Calculating Cone Radius With Given Volume and Height
To find the radius of the cone, we can use the formula for the volume of a cone:
\[ V = \frac{1}{3}\pi r^2 h \]
Where:
- \( V \) is the volume of the cone,
- \( r \) is the radius of the base of the cone,
- \( h \) is the height of the cone,
- \( \pi \) is approximately 3.14 (given).
The volume (\( V \)) is given as 37.68 cubic millimeters, and the height (\( h \)) is given as 4 millimeters.

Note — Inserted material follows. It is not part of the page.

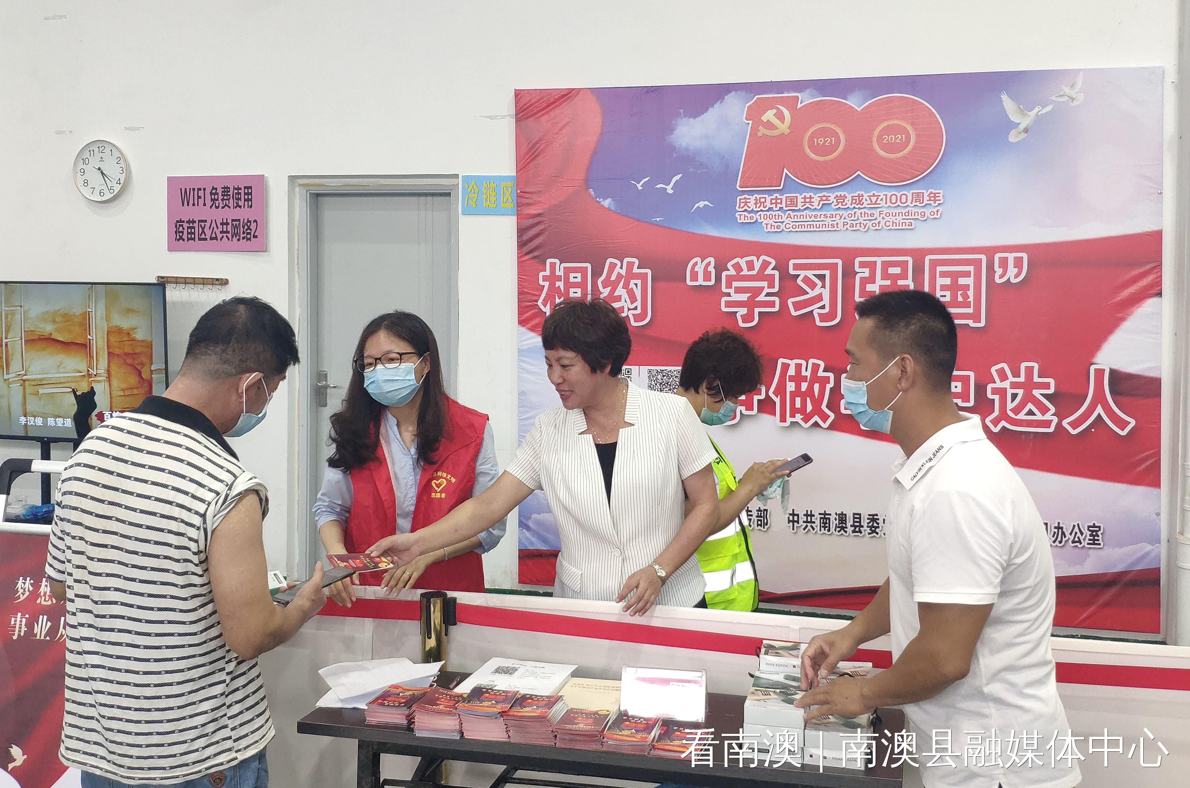 为进一步扩大“学习强国”用户群体,增加用户数量,5月18日下午,南澳县领导黄淑华带队在县全民健身广场疫苗临时接种点,开展“相约学习强国,争做学史达人” 、“学习强国”学习平台推广和党史学习教育知识宣传活动,发动全社会积极使用“学习强国”学习平台,扎实推动党史学习教育向纵深发展。

To find \( r \), we can rearrange the formula to solve for \( r^2 \):
\[ r^2 = \frac{3V}{\pi h} \]
Now we'll use the given values:
\[ r^2 = \frac{3 \times 37.68}{3.14 \times 4} \]
First, let's calculate the numerator of the fraction:
\[ 3 \times 37.68 = 113.04 \]
And the denominator of the fraction:
\[ 3.14 \times 4 = 12.56 \]
Next, we'll divide these two results to find \( r^2 \):
\[ r^2 = \frac{113.04}{12.56} \approx 9 \]
Now take the square root of 9 to find the radius \( r \):
\[ r = \sqrt{9} = 3 \]
So the radius \( r \) of the cone is 3 millimeters. Since the problem asks to round our answer to the nearest hundredth, our final answer in two decimal places would still be:
\[ r \approx 3.00 \text{ millimeters} \]